Awesome
Self-Supervised Visibility Learning for Novel View Synthesis
This contains the codes for cross-view geo-localization method described in: Self-Supervised Visibility Learning for Novel View Synthesis, CVPR2021.
Abstract
We address the problem of novel view synthesis (NVS) from a few sparse source view images.
Conventional image-based rendering methods estimate scene geometry and synthesize novel views in two separate steps.

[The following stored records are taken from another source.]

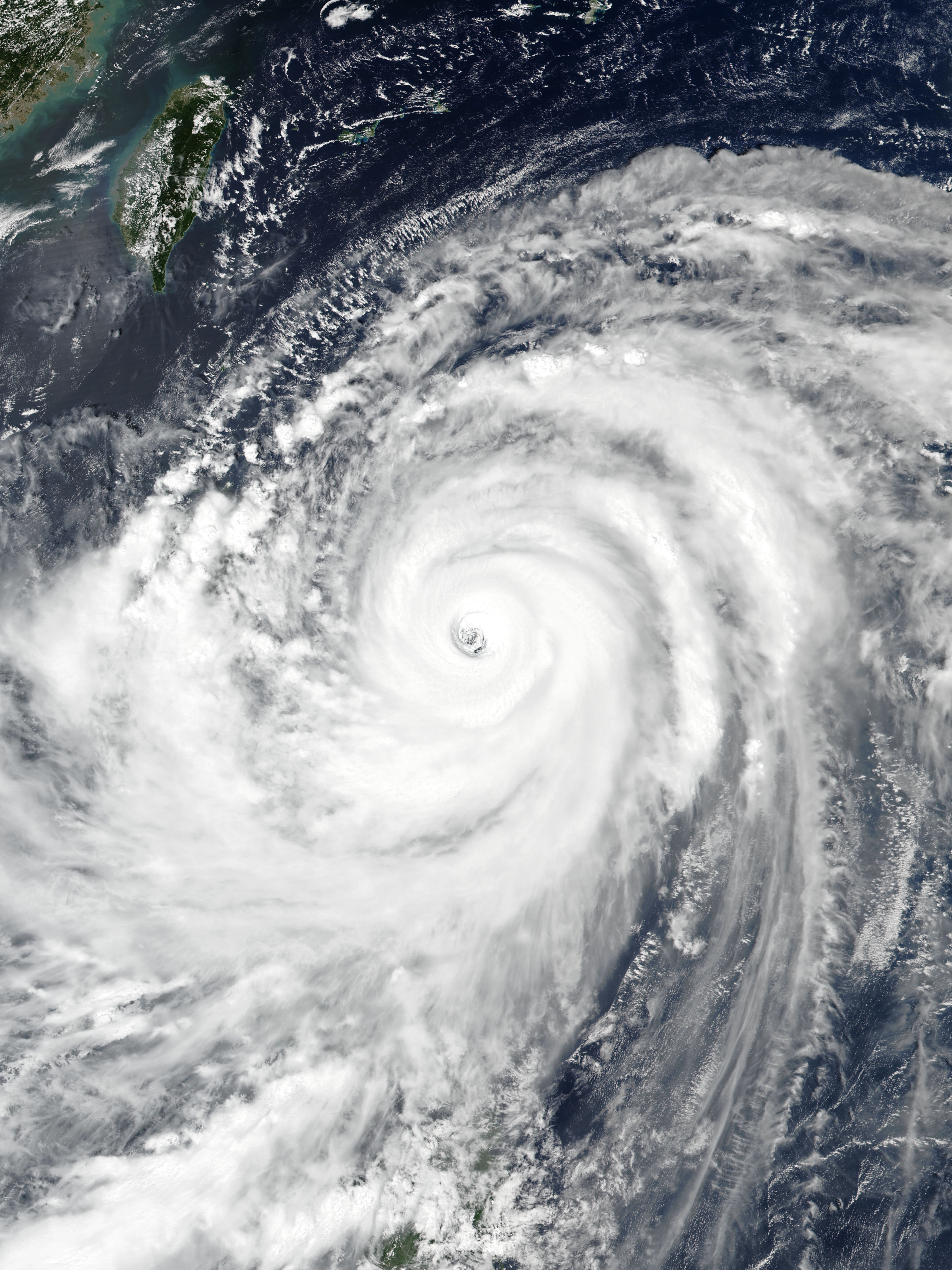 Typhoon Mangkhut approaching Luzon at peak intensity on September 14, 2018.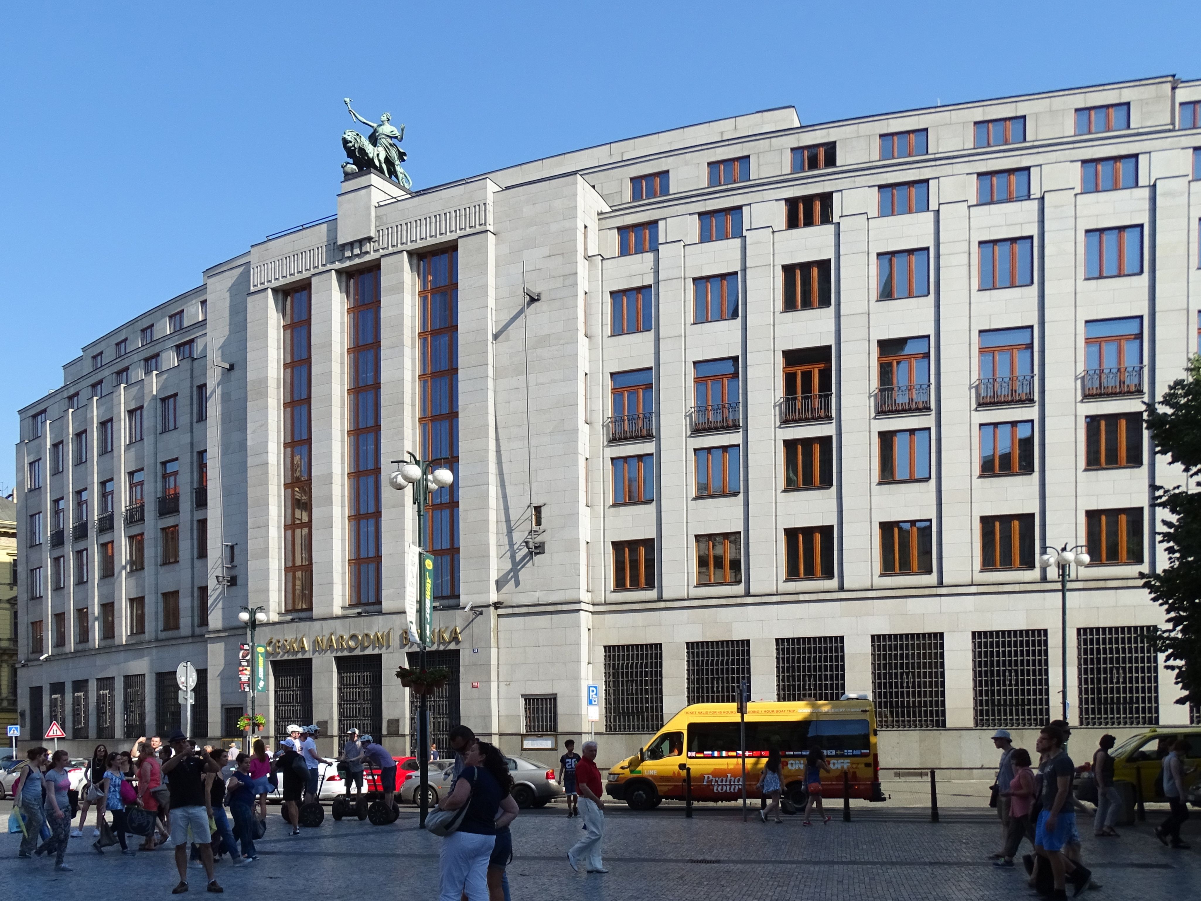 Prague-New Town, Czech Republic. Na příkopě 864/28, Czech National Bank.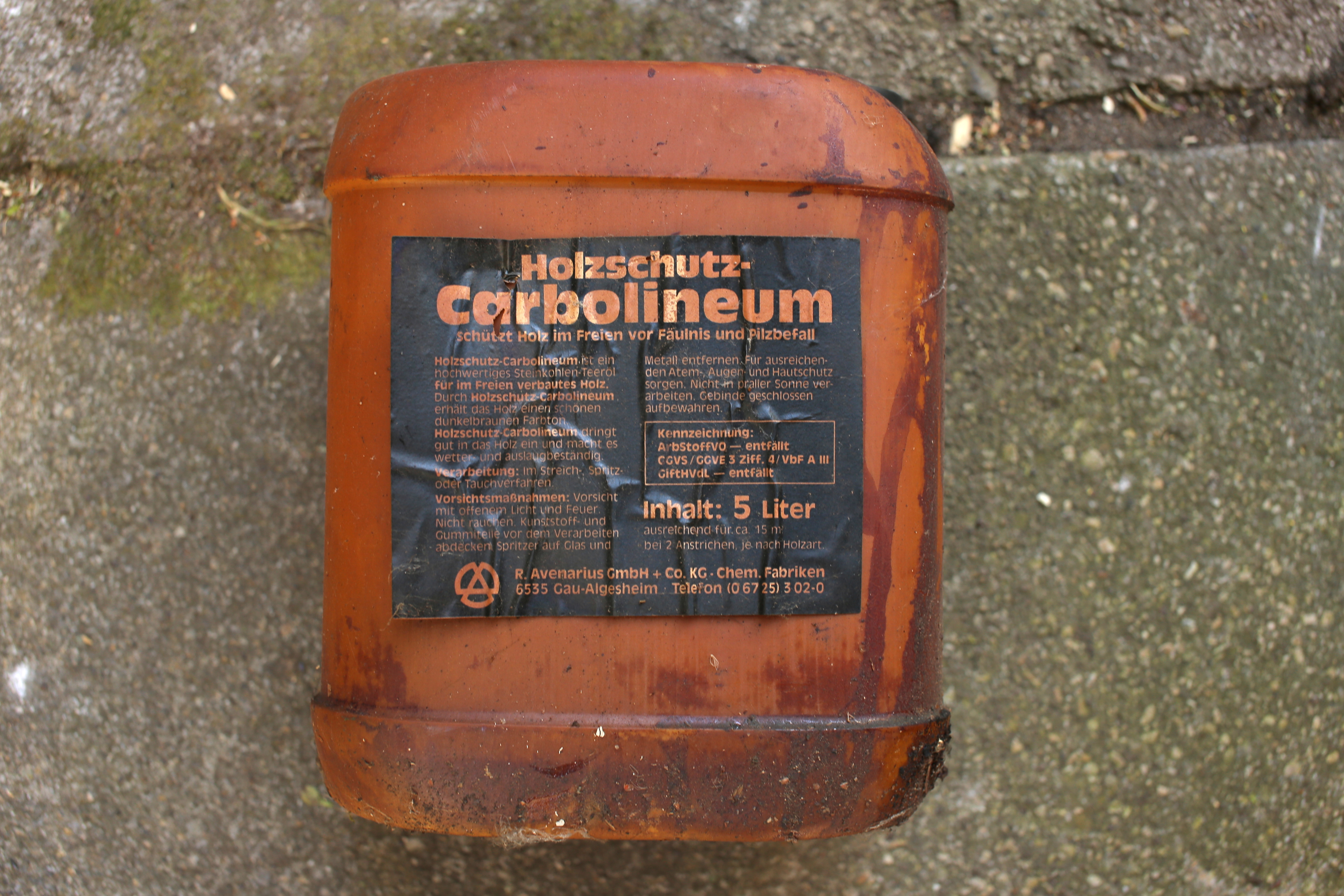 Carbolineum wood preservative 5l canister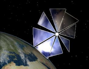 Illustration of the Cosmos-1 solar sail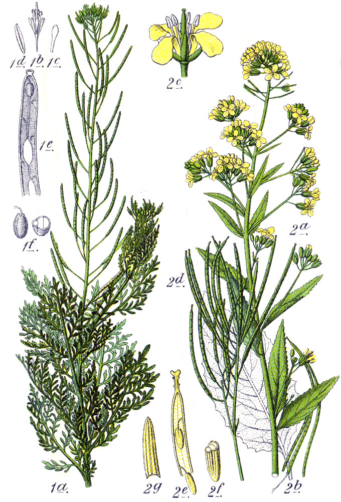 1. Descurainia sophia (L.) Webb ex Prantl, syn. Crucifera sophia (L.) E.H.L.Krause 2. Sisymbrium strictissimum L., syn. Crucifera strictissima (L.) E.H.L.Krause Original Description 1. Wellsame, Crucifera sophia 2. Ganz steife Rauke, C. strictissima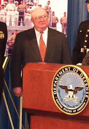 Marlin Fitzwater, photographed by the American Forces Press Service.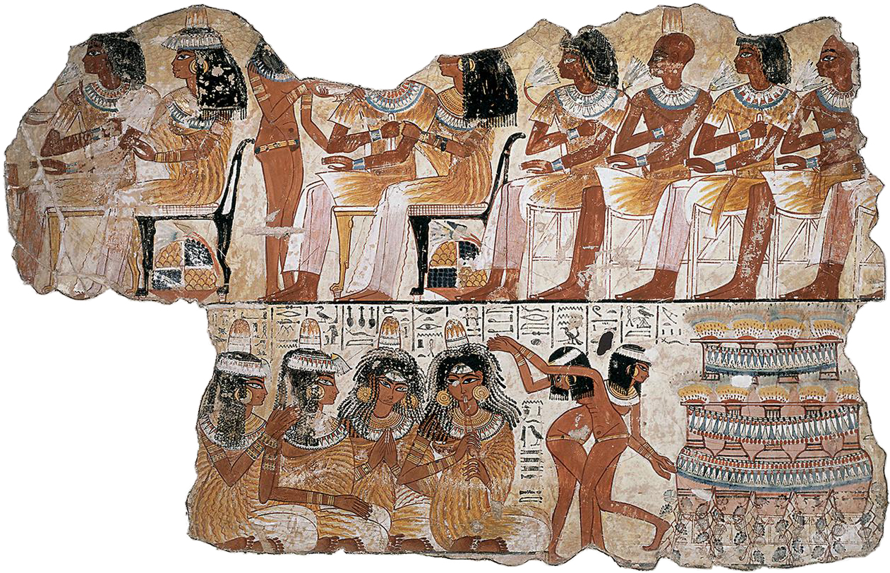 A fragment of the frescoes on the wall of the tomb chapel of Nebamun, depicting guests, servants, musicians, and dancers at a funerary banquet. Other images on Commons show parts of the same scene, but this image was the best I could find online depicting all of this particular fragment.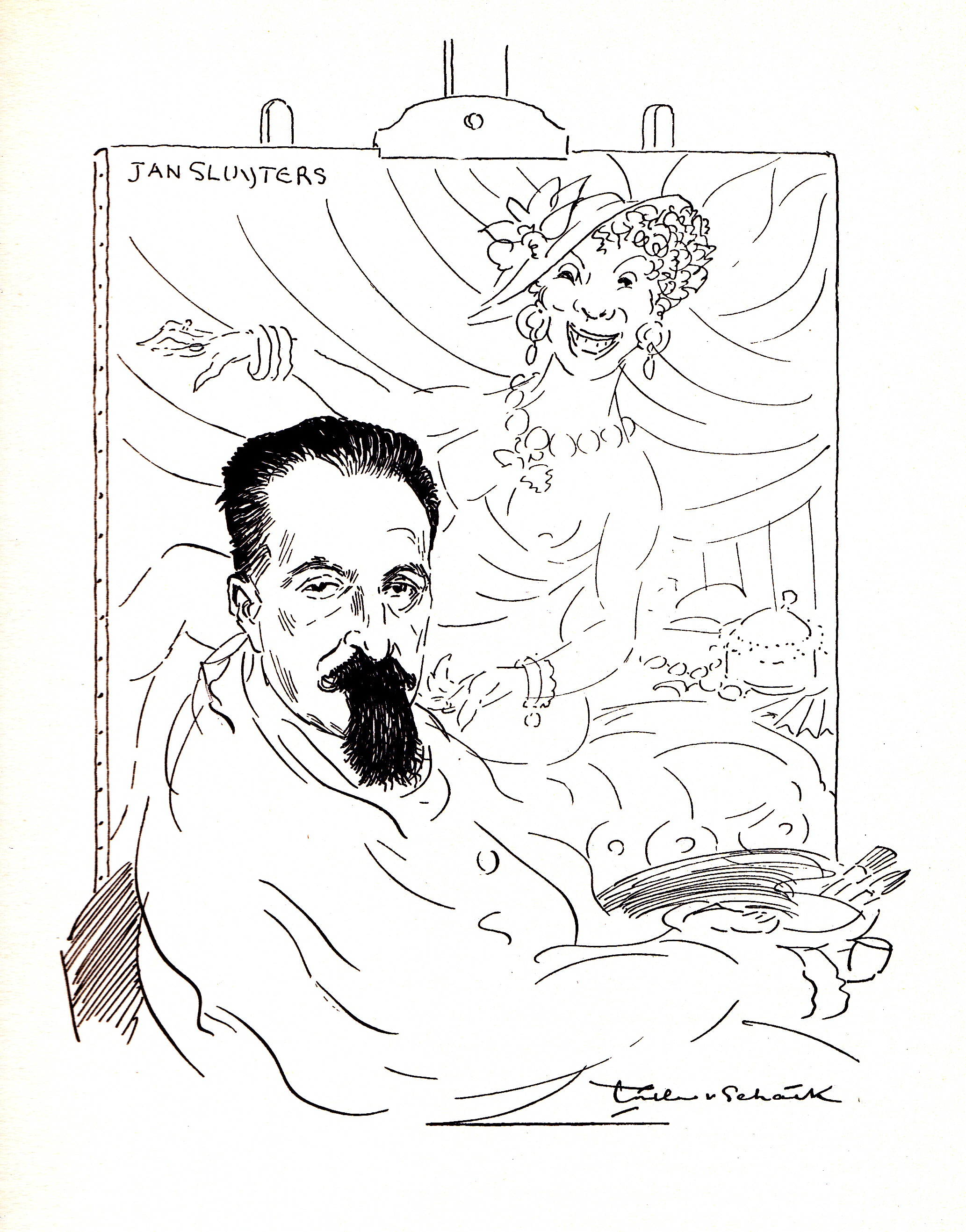 Jan Sluijters. Sketch drawn by Willem van Schaik (1876-1938)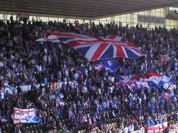 During half time at a match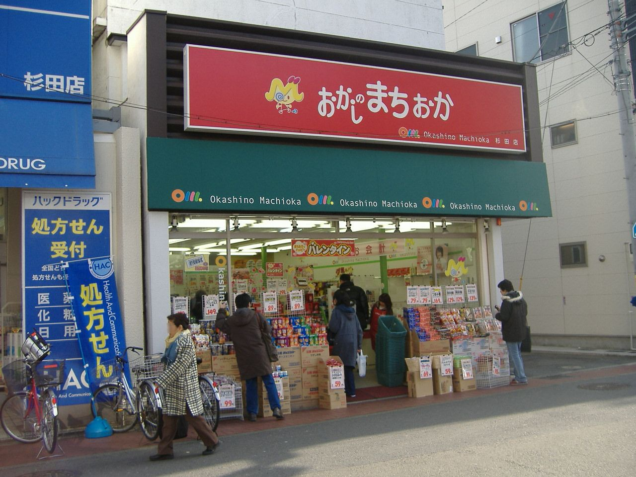 Confectionery store "Okashi-no-Machioka"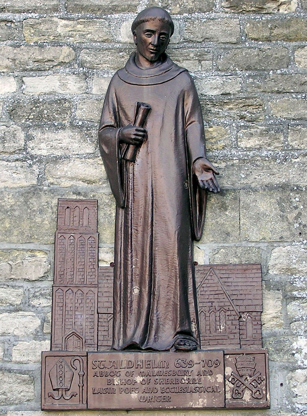 Wall plaque at the Catholic Church of St Aldhelm, Malmesbury. It says “St Aldhelm 639-709, Abbot of Malmesbury and Bishop of Sherborne, Latin Poet and Ecclesiastical Writer." Taken by Adrian Pingstone in February 2005 and released to the public domain.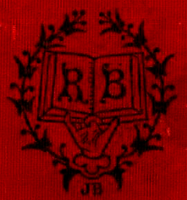 Logo of the Roberts Brothers publishers.

However, erroneous geometry estimation will decrease NVS performance as view synthesis highly depends on the quality of estimated scene geometry.
In this paper, we propose an end-to-end NVS framework to eliminate the error propagation issue.
To be specific, we construct a volume under the target view and
design a source-view visibility estimation (SVE) module to determine the visibility of the target-view voxels in each source view.
Next, we aggregate the visibility of all source views to achieve a consensus volume.
Each voxel in the consensus volume indicates a surface existence probability.
Then, we present a soft ray-casting (SRC) mechanism to find the most front surface in the target view (\ie, depth). Specifically, our SRC traverses the consensus volume along viewing rays and then estimates a depth probability distribution.
We then warp and aggregate source view pixels to synthesize a novel view based on the estimated source-view visibility and target-view depth.
At last, our network is trained in an end-to-end self-supervised fashion, thus significantly alleviating error accumulation in view synthesis.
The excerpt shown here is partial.